Our political rewards system demands more money but not more accountability. It’s time to trade this broken system for one that actually values accountability. One that creates benchmarks that matter. Does a negative ad buy actually move voters or just get eyeballs on social media to attract donors? Do social media ads even work? 

Donors have to stop funding efforts that make them feel good and must demand the kind of results they expect from their brokers and their boards of directors. Small donors can do the same and should. 
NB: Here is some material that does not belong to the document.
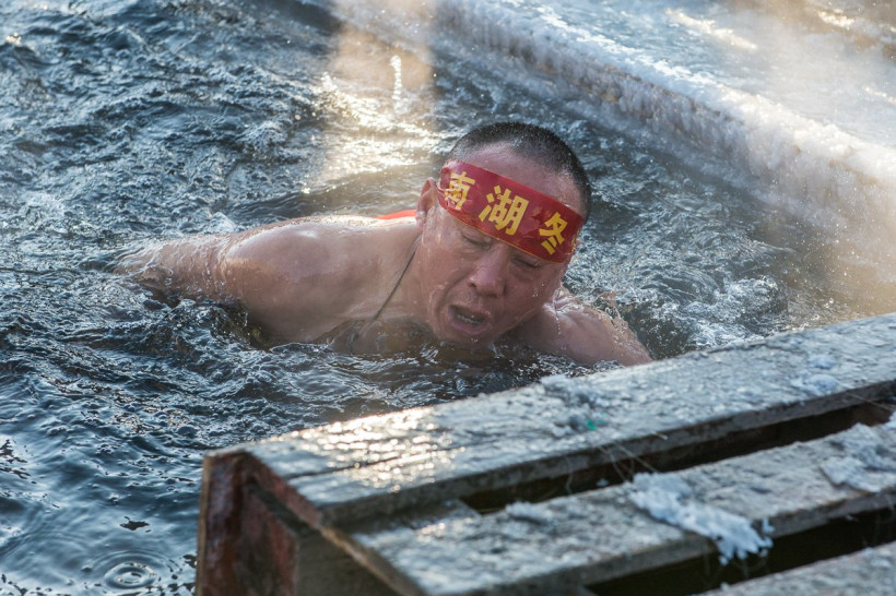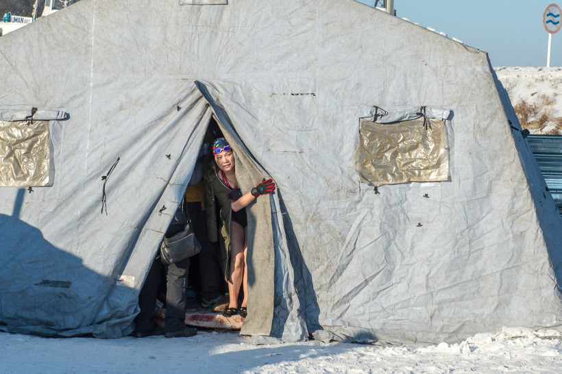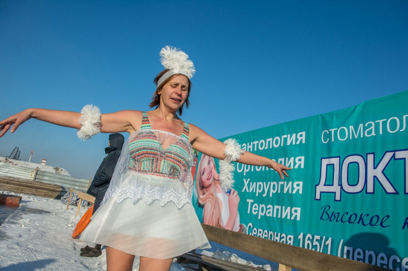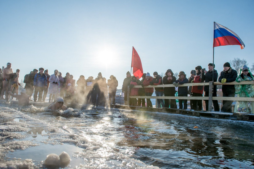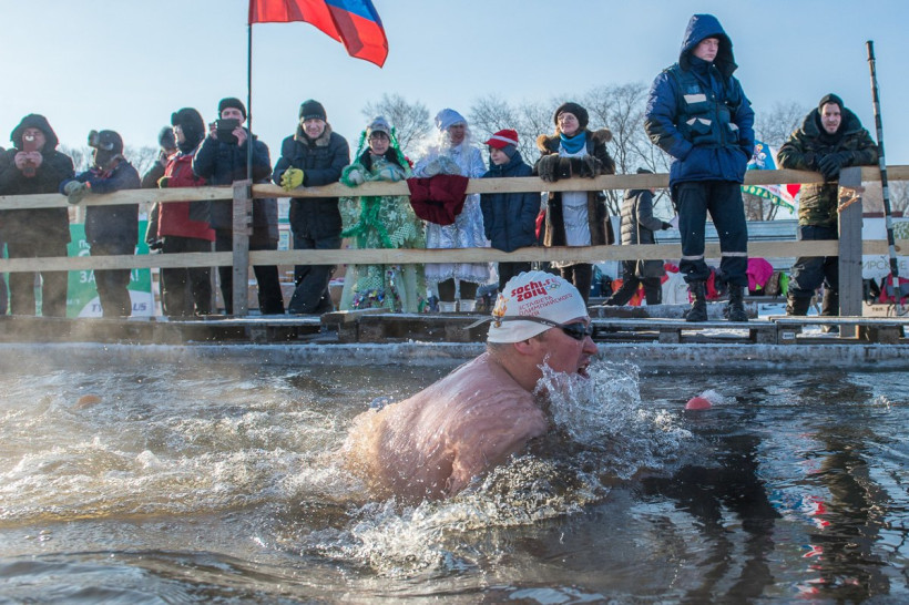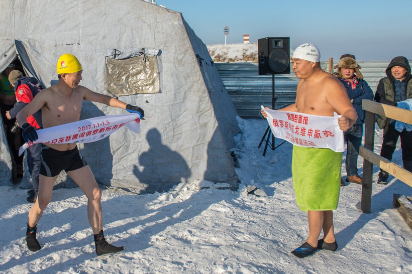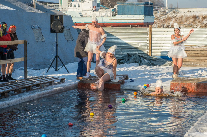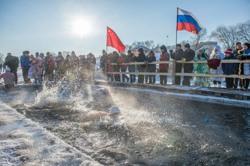 В первый понедельник нового года в столице Приамурья прошла традиционная российско-китайская рождественская эстафета. Соревнования спортсмены провели в проруби на реке Зея. В ледяную воду по очереди нырнули 60 китайских и 20 амурских моржей. Серьезность соревновательного момента разбавили шуточными представлениями. На зимнем мероприятии побывал фотокорреспондент АП Андрей Ильинский.
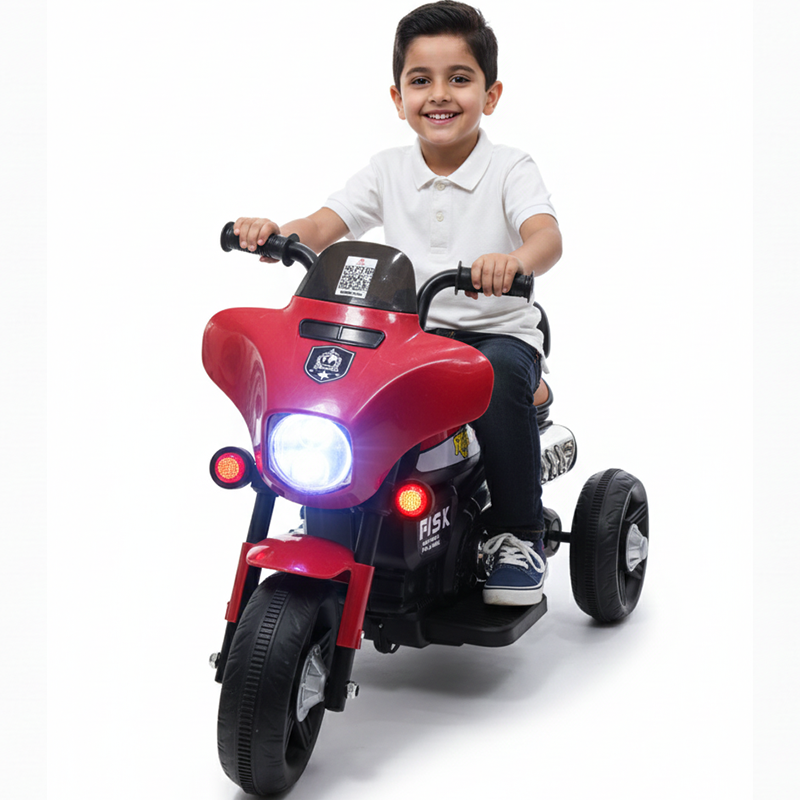 Interactive Riding Experience: Features a built-in sound system with songs, music, and realistic engine sounds for an immersive feel. Bright LED Lighting: Equipped with a powerful front headlight that provides clear visibility and a cool, modern look. Superior Stability: The three-wheel design ensures maximum balance and safety, preventing tips and falls for young riders. Stylish & Ergonomic: A beautiful sky-blue finish with realistic mechanical details and a comfortable seat designed for long play sessions.

To restore their own credibility, the media must return to reporting on politics rather than being central participants in a system that is failing the country.

Good people on both sides are burning out on the entire system. Most members of Congress didn’t come to Washington to get rich. Spending time 24/7 dialing for dollars instead of pushing their issues and ideas wasn’t how they saw the job.

If we want to keep the country’s best in Congress, something has to change. A good place to start is with the two parties and their political committees setting new accountability standards to reform a political rewards system that only works for the connected few. 

David Winston is the president of The Winston Group and a longtime adviser to congressional Republicans. He previously served as the director of planning for Speaker Newt Gingrich. He advises Fortune 100 companies, foundations, and nonprofit organizations on strategic planning and public policy issues, and is an election analyst for CBS News.